# [SOLVED] SoundCard drivers cant be installed



## HelpYouASAP (Jul 26, 2014)

Hello TechSupport!

I'm trying to install a old soundcard ( Creative Labs CT4780 ) on my brothers computer, although it gives the error that the setup can't find the soundcard. 
In the first input of the soundcard windows tried to install it since its a new device but It still couldnt be installed. I've tried to uninstall the device in devicemanager and restart PC for testing if it was a one-time error, but it cant get installed.

General:

Can't install soundcard drivers because it cant find the "installed soundcard"

Note; I know this is a very old soundcard, but I believe there is still hope in this one

*Thank you in advance.*


----------



## T_Rex (Oct 21, 2012)

*Re: SoundCard drivers cant be installed*

Past Creative cards had that issue from time to time. What I personally did to get around it was re-seat it with the PC on -- you have to be so extremely careful doing this and I did not so much reseat it as just pull it out slightly not all the way and then slowly re-seat. If you did this you will want to be touching the power supply and not standing on carpet. In fact I don't recommend you do it at all I only did it because I had a shop and was always building and I got the tip from the old usenet from another builder. I DO NOT recommend you do this I am only shedding light on the fact that past creative cards had this issue.

My official suggestion for you is if it's not working unseat it with your PC off and the PSU unplugged from power (ground yourself before hand touch the power supply), and reseat it again in the slot or try another PCI slot if you have one then boot up see if your card will be recognized when installing drivers. If no go situation try your onboard sound, or you can get a cheap PCI soundcard something like an older C-Media 8738 card for about $10.00 US on ebay. Alternatively if you like better sound you can get an Asus Xonar DG PCI card for about $29.00 at newegg.com which is worlds better than any of the aforementioned solutions. In fact I think it's better than the X-Fi series overall.


----------



## HelpYouASAP (Jul 26, 2014)

*Re: SoundCard drivers cant be installed*

Hi. 

Sadly your suggestion didnt work, but i did manage to get the drivers installed somehow. Anyways, when using headsets or speakers there only come up a sound of a high pitch and the whole computer freezes?

thanks.


----------



## bassfisher6522 (Jul 22, 2012)

*Re: SoundCard drivers cant be installed*

Have a look through this.....

need compatable driver for 7 (creative labs ct4780) - Microsoft Community


----------



## JimE (Apr 16, 2009)

*Re: SoundCard drivers cant be installed*

The old/older Creative cards are not properly supported in Win7. Even the newer Audigy and Live! series don't always work or work properly.


----------



## Kavish Gujraj (Jul 30, 2014)

*Re: SoundCard drivers cant be installed*

Hi

Don't plug in the external sound card just yet.First disable your on board sound card by entering bios. Usual by pressing A Function key (such as F1, F2, or F3) at black screen of start up. Save Changes and reboot. Shut down.
Unplug the power cable. Now plug in the external sound card. Reattach power cable and switch on.

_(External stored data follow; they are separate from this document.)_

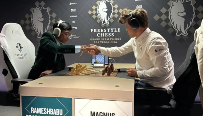 ഫ്രീ സ്റ്റൈല് ഗ്രാന്സ്ലാം ചെസ് ടൂര്ണമെന്റില് ലോക ഒന്നാം നമ്പര് ചെസ് താരം മാഗ്നസ് കാള്സണെ അട്ടിമറിച്ച് ഇന്ത്യന് ഗ്രാന്ഡ്സമാസ്റ്റര് ആര് പ്രഗ്നാനന്ദ. വെള്ളക്കരുക്കളുമായിറങ്ങിയ പ്രഗ്നാനന്ദ 39 നീക്കങ്ങളിലാണ് കാള്സണെ തോല്പിച്ചത്. നാലാം റൗണ്ട് മത്സരത്തിലാണ് പ്രഗ്നാനന്ദയുടെ വിജയം. തുടക്കം മുതല് ഒടുക്കം വരെ ഇന്ത്യന് ഗ്രാന്ഡ്മാസ്റ്റര് ആധിപത്യം പുലര്ത്തി. ജയത്തോടെ ക്വാര്ട്ടര് ഫൈനലിനും യോഗ്യത നേടി. 4.5 പോയിന്റുമായി പ്രഗ്നാനന്ദ ഗ്രൂപ്പിൽ ഒന്നാം സ്ഥാനത്തേക്കുയര്ന്നു. ഇതോടെ ക്ലാസിക്കൽ, റാപ്പിഡ്, ബ്ലിറ്റ്സ് ഫോർമാറ്റുകളിൽ ലോക ഒന്നാം നമ്പർ താരത്തെ തോൽപ്പിച്ചുവെന്ന നേട്ടത്തിലെത്താനും ഇന്ത്യയുടെ കൗമാര താരത്തിനായി.
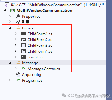 一、多窗口通信方式C#WinForms多窗口通信的方式有:构造函数传递属性传递接口事件通信委托回调静态消息中心二、示例代码C#WinForms中多窗口之间各种通信方式的示例。示例包含一个主窗口和多个子窗口,测试开发中常用的几种通信方式。项目结构如下:2.1MessageCenter.cs代码usingSystem;us...
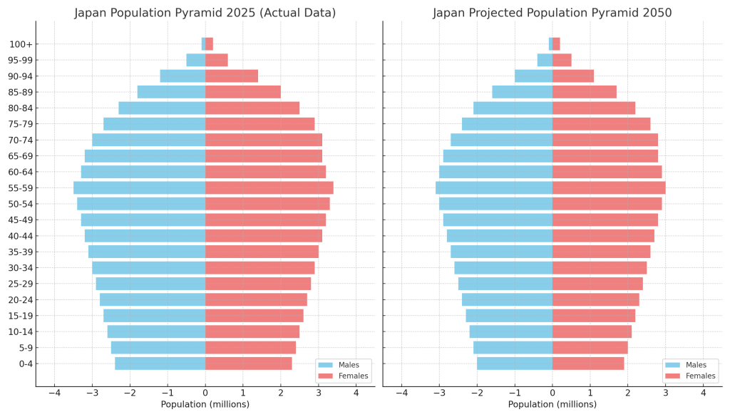 As of 2025, Japan’s population pyramid reveals a stark reality. The baseโ€”the youngest age groupsโ€”is narrow. Fewer children are being born each year, with the fertility rate sitting at a record low of 1.15. Meanwhile, the top of the pyramidโ€”the elderlyโ€”is expanding rapidly. Approximately 29% of the population is over 65, making Japan one of the oldest countries in the world.
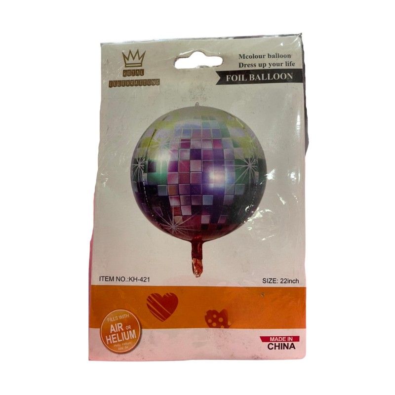 This large, 22-inch diameter foil balloon features a unique 4D design that reflects light like a traditional disco mirror ball, offering a vibrant, multi-angled shine. Made from durable aluminum foil (Mylar), it is self-sealing, reusable, and can be filled with either air or helium. It is perfect for various parties and events. Shop for the 22-inch Multicolor 4D Disco Ball Foil Balloon. Features a unique mirror metallic finish, self-sealing, and can be used with air or helium. Perfect for disco, birthday, or dance party decorations.
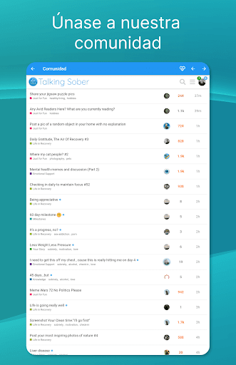 Discuta temas como el alcoholismo, el abuso de sustancias o simplemente comparta su contador de días sobrios.
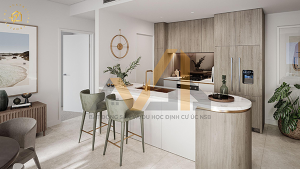 - Bếp với thiết bị từ thương hiệu Fisher & Paykel, mặt bàn bằng đá 40mm, tấm che bếp bằng kính, đồ dùng vòi sen Grohe mạ vàng tinh tế
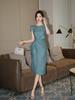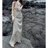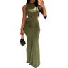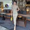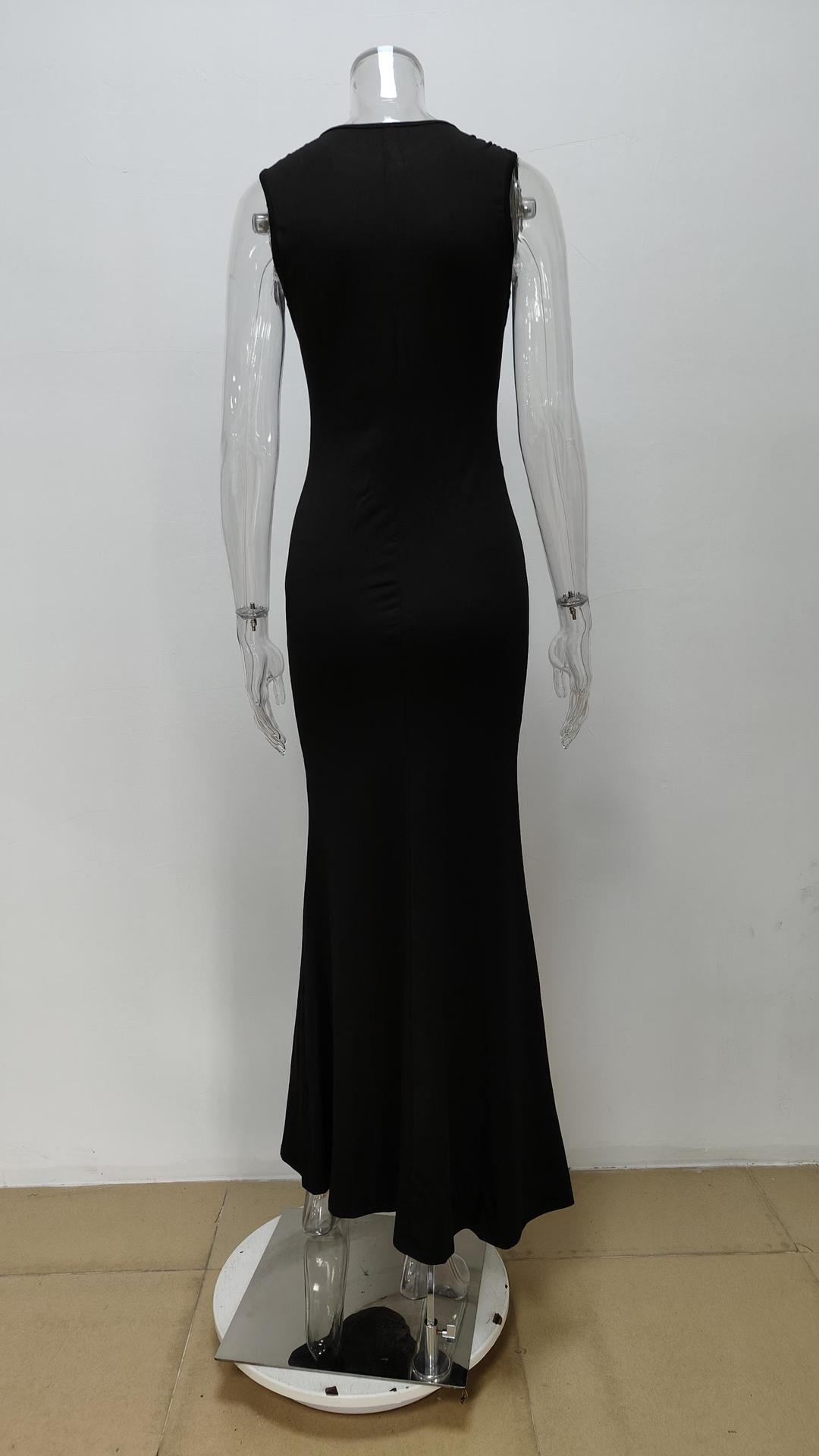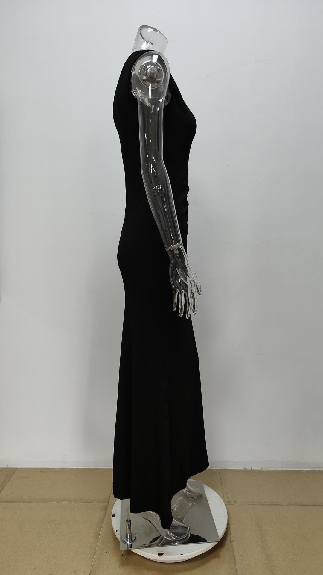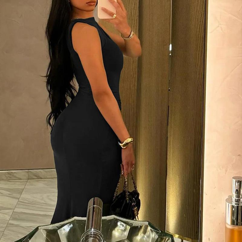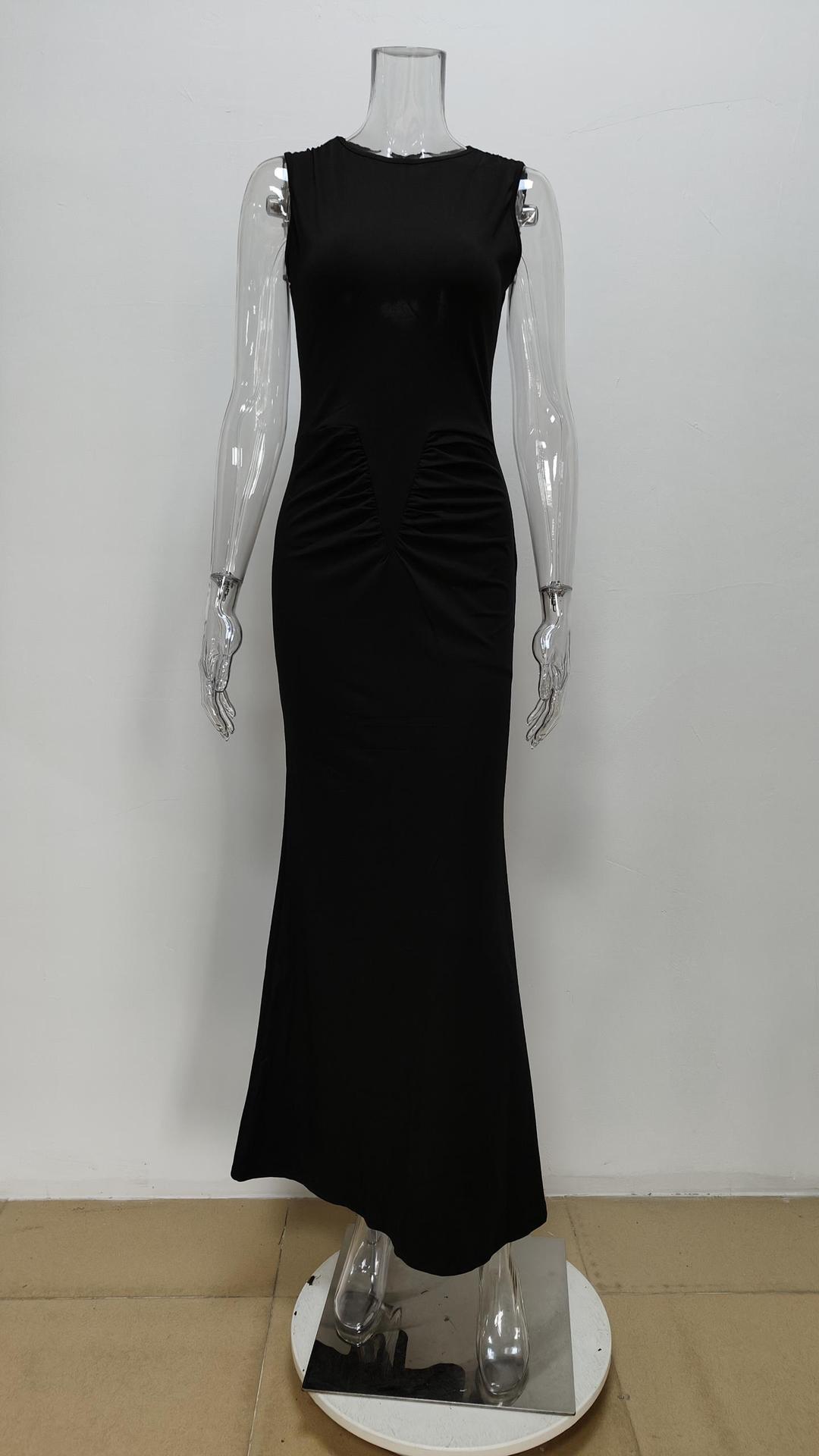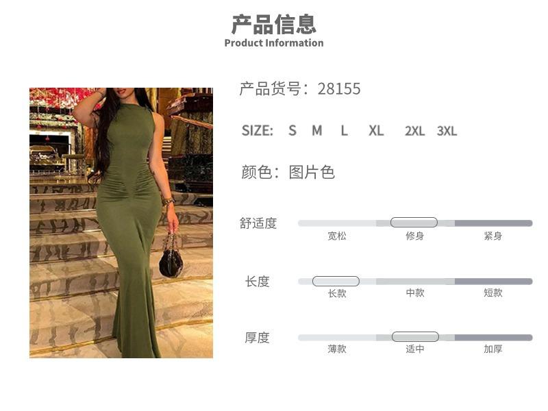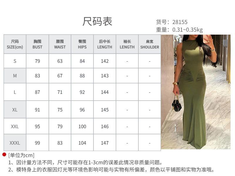 Aliexpress 2025 Ropa Nueva Europea y Americana Color Sólido Temperamento Sexy Ajustado Plisado Cadera Cintura Vestido 661
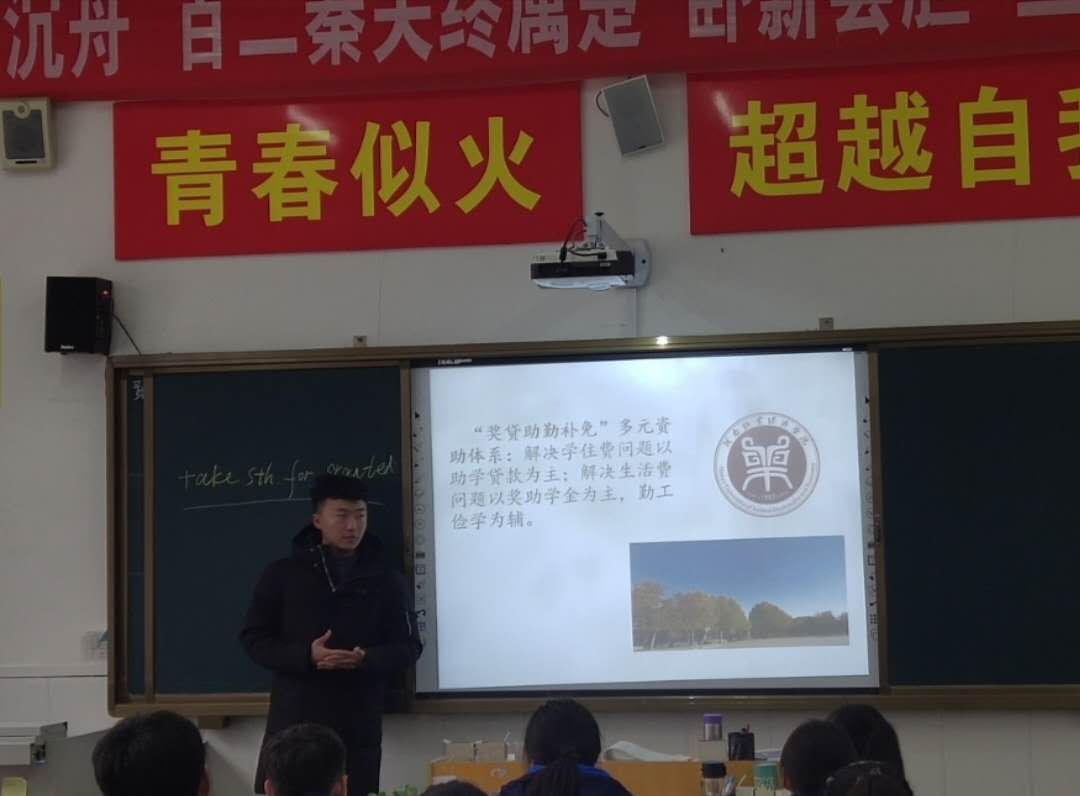 为贯彻学校资助政策精神,WilliamHill中文选拔了一批政治坚定、表现优秀、熟悉政策的学生担任学院资助政策宣传大使,19国商02班的白宇同学从竞聘者中脱颖而出,被聘为WilliamHill中文资助宣传大使。2020年1月10日白宇同学回到自己的母校沁阳市第一中学1702班进行“大学生资助体系”为主题的宣讲活动,白宇同学主要从生源地贷款、国家奖助学金、绿色通道、校内奖学金、勤工俭学等方面的方面,为沁阳市第一中学1702班同学宣传国家资助政策,解读williamhill中国的资助体系,鼓励家乡的学弟学妹不畏家庭经济困难,坚定求学信念。
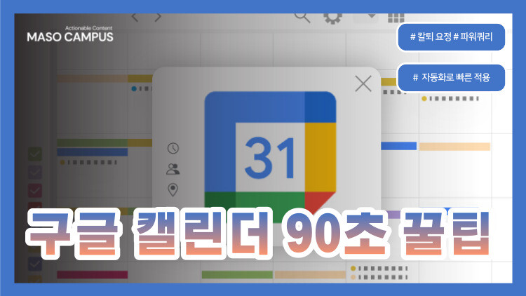 마소캠퍼스의 <구글 캘린더 90초 꿀팁> 강의에서는 구글 캘린더의 유용한 기능 중 핵심 기능을 압축적으로 제시합니다.
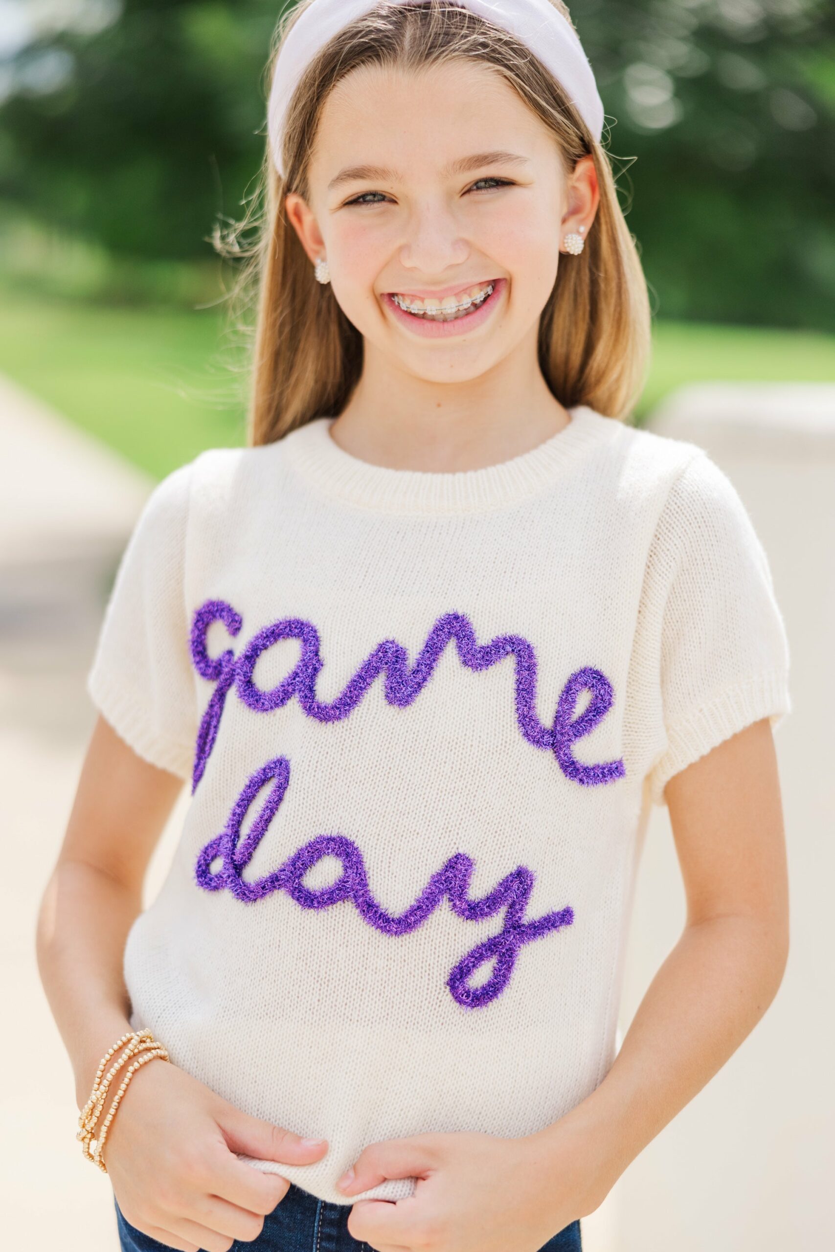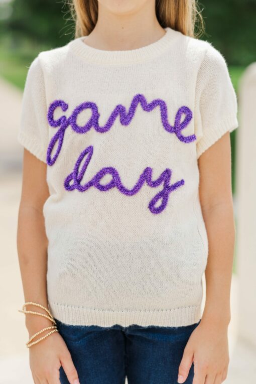 Like the sweater says, it’s gameday! Making this fun sweater a must have this fall in your girls wardrobe! We love that it’s a short sleeve sweater too since they are right on trend! But the adorable puff sleeves and that metallic lettering are the real winners here! Round neckline Short puff sleeves Metallic lettering Generous stretch Morgan is wearing the small.

Now access device manager by pressing Start,right click computer,and click Manage. Double click on Device manager. If the sound card is working your sound card name or a unknown device would be listed under device manager.Now just the driver needs to be installed. 

The full name of your sound card is Sound Blaster Live! Value CT4780

1.Download drivers
Compatibility drivers can be found at Creative Worldwide Support

Driver link for Sound Blaster Live! Value CT4780 Creative Worldwide Support > Sound Blaster Live! Value

Once downloaded you would need to run the downloaded file in compatibility mode
To do this, follow these steps: 

1.Locate the downloaded file
2.Right-click the file, and then click Properties.
3.In the Properties dialog box, click the Compatibility tab.
4.Click the check box "Run this program in compatibility mode for"
5.Then select Windows XP (Service Pack 2) from the drop down list and then click OK.
6.Right click the executable file and click run as administrator.
7.And follow on screen instructions.


----------



## HelpYouASAP (Jul 26, 2014)

*Re: SoundCard drivers cant be installed*

Thanks for all the suggestions. 

The issue turned out to be that this specific card wasn't adapted for the OS. 

-Solved


----------